ABD ve İsrail’in desteği olmadan bölgede zenginliğin sürdürülemeyeceğini aklınızda tutun. Bunlar zenginleri korurken, çalmalarına yol verirken yoksul Filistinlileri öldürmeye, parçalamaya devam ediyor. Hırsızlar her yerde ve koşulda çalmayı sürdürüyor. Filistin Yönetimi’nin 1994’teki kuruluşundan bu yana yönetimin yolsuzluğa battığını gösteren pek çok rapor yayınlandı. Panama Belgelerinde de önde gelen Filistin Yönetimi üyeleri vardı. O hırsızların bizim Polonez’in gizli sahipleri arasında olması büyük ihtimal. Bakarız, öğreniriz.

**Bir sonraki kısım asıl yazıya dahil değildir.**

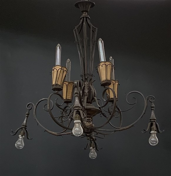 Lampada a sospensione in ferro battuto di gusto barocchetto a otto luci disposte su due ordini. Paralume in stoffa. Milano, anni '10/'20. (h cm 110; d cm 103) (difetti e mancanze)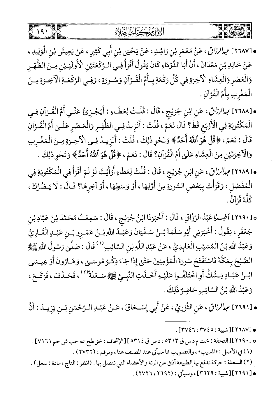 2687- عبد الرزاق، عَنْ مَعْمَرِ بْنِ رَاشِدٍ، عَن يَحيَى بنِ أَبِي كَثِيرٍ، عَن يَعِيشَ بْنِ الْوَلِيدِ، عَن خَالِدِ بْنِ مَعْدَانَ، أَنَّ أَبَا الدَّرْدَاءِ كَانَ يَقُولُ: أَقْرَأُ فِي الرَّكْعَتَيْنِ الأُولَيَيْنِ مِنَ الظُّهْرِ وَالْعَصْرِ وَالْعِشَاءِ الآخِرَةِ فِي كُلِّ رَكْعَةٍ بِأُمِّ الْقُرْآنِ وَسُورَةٍ، وَفِي الرَّكْعَةِ الآخِرَةِ مِنَ المَغْرِبِ بِأُمِّ الْقُرْآنِ.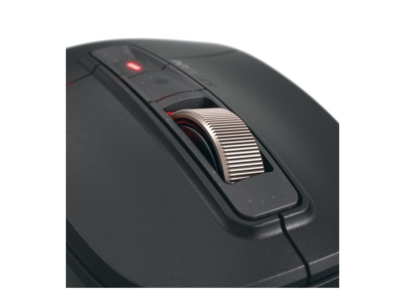 4 niveaux DPI, interrupteur DPI, compartiment de stockage du récepteur, bouton marche-arrêt, indicateur à LED, repose-pouce, poignée avec pouce caoutchouté, batterie rechargeable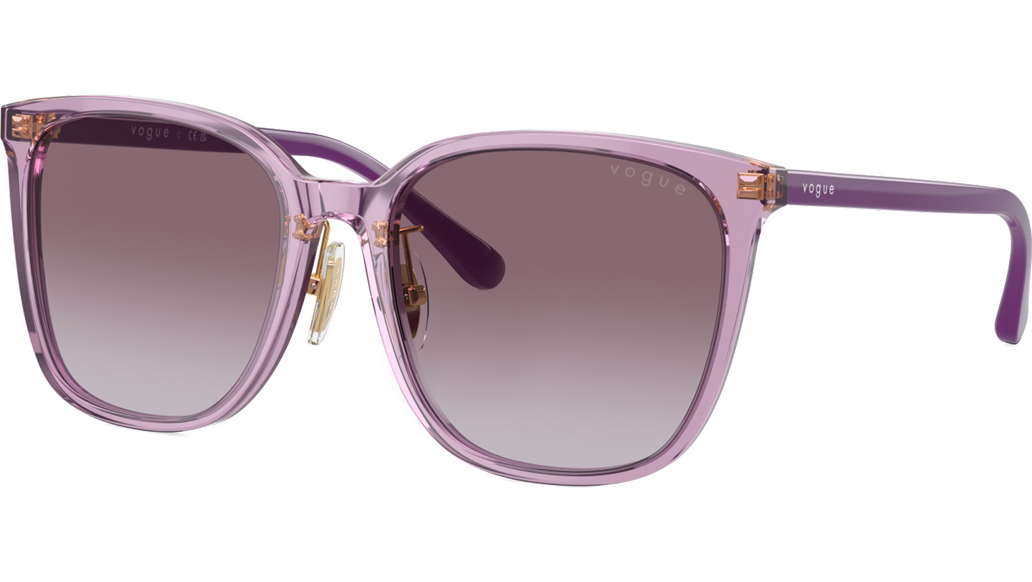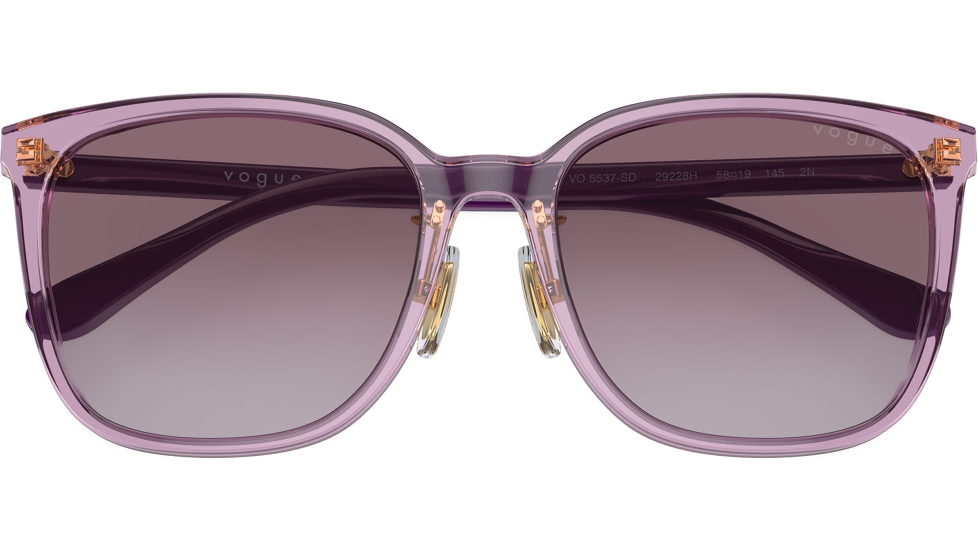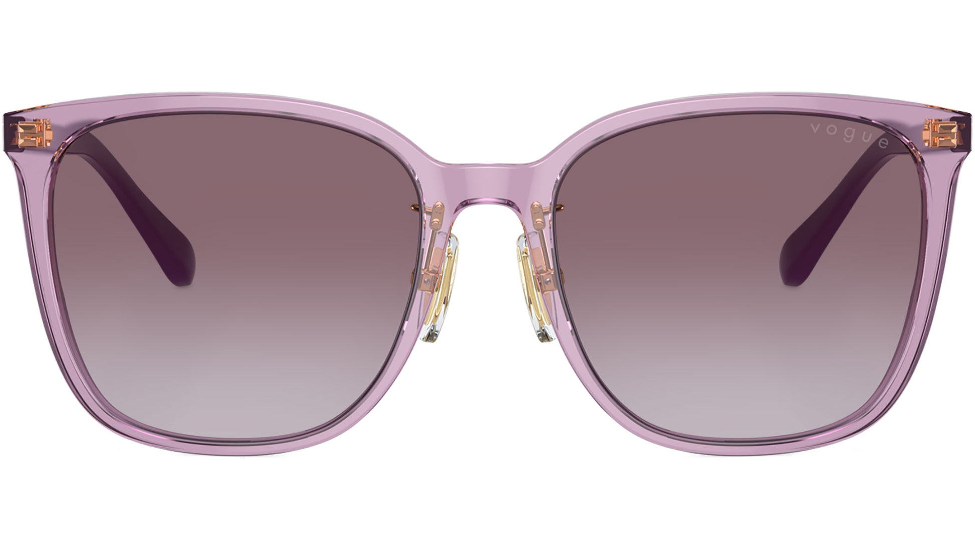 Vogue sunglasses for women model VO5537SD 29228H featuring transparent violet acetate frame and violet gradient base 4 CR-39 lenses. Low bridge fit. Frame line: In Vogue. Brand code: 0VO5537SD. Color code: 29228H. Authorised Vogue Eyewear Online Reseller. Your glasses will come including the original case and accessories and will be covered by 12 month global warranty.

Şimdilik öğrendiklerimiz yeterlidir. APIC’in sitesinde yönetim kurulu listeleniyor. Tarek Ömer El Aggad Başkan olarak ilk sırada. Tarek Mahmud Reda Abbas Yönetim Kurulu Üyeleri arasında. Birlikte yönettikleri şirketler çok çeşitli. Ürdün’deki Arap Filistin Yatırım Şirketi, Filistin Otomobil Şirketi, Al Arabia Leasing, APIC Körfez Şirketi, Tıbbi Malzeme ve Hizmetler Şirketi, Unipal Genel Ticaret Şirketi, Jericho Sağlıklı ve Mineralli Su Fabrikası, Arap Filistin Yedek Parça ve Araç Hizmetleri Şirketi, Ulusal Alüminyum ve Profil A.Ş., Siniora Gıda Endüstrileri, Capital Tobacco Co., Arap Filistin Depolama ve Soğutma Şirketi, Arabian Tile Ltd., Filistin Elektrik Üretim A.Ş…

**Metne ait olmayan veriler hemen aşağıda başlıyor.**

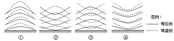1、单选题 读①、②、③、④四种等压面与等温面示意图(下图),完成1—2题。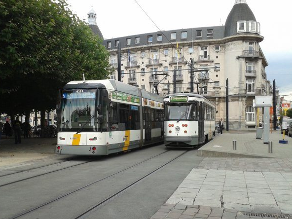 Het belangrijkste station van Gent is Gent Sint Pieters, waar ook alle tramlijnen samenkomen. Links zien we HermeLijn 6329 op lijn 24 voor het mooie stationsgebouw.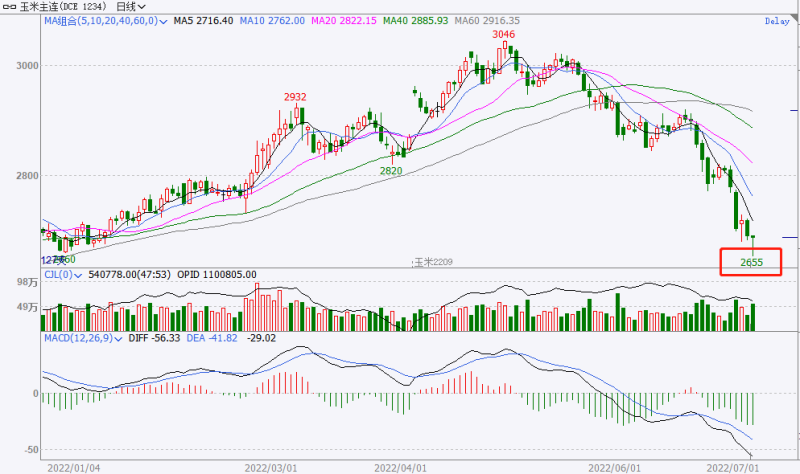 在全球经济衰退忧虑及美国中西部降雨预期的携手打压下,美盘空头氛围浓郁。国内饲料消费需求偏弱、陈稻拍卖继续投放也为市场增添压力,大连玉米下跌0.55%,盘中触及年内低点2655元,量能明昂放大至53.2万手,大幅减仓接近4.6万手。淀粉走势同样低迷,挫幅达到0.84%,刷新6个月最低水平。

Allahları mutluluklarını arttırsın, helal etleri çoğalsın ama bu çok uluslu şirket bizde mutsuzluk, polis copu, gazı, toması şeklinde tezahür etti. Sahibi oldukları Polonez’de, 19 Temmuz’da, Tek Gıda-İş Sendikası’na üye olan 13 işçi işten çıkarıldı; geride kalan işçiler arkadaşlarına destek olmak için fabrikada üretimi durdurunca patronlar onlarca işçiyi daha yüz kızartıcı suç işlediklerini öne sürerek işten çıkardı. Böylece işten çıkarılanların sayısı 135’e ulaştı.
İşçiler fabrika kapısında direnişe geçince polis çağırdılar. Kolluk, işçilere çok sert bir şekilde müdahale etti, gaz sıkarak, coplayarak fabrika sınırları dışına doğru sürmeye çalıştı. Birkaç gün önce Sinyora’nın adamları polis barikatları ile küçük bir meydana sıkıştırılan işçilerin gölgesine sığındığı ağaçları sökmeye girişti. İşçileri sürmeye çalışan kolluk bu aşağılık eyleme nezaret etmekle yetiniyordu.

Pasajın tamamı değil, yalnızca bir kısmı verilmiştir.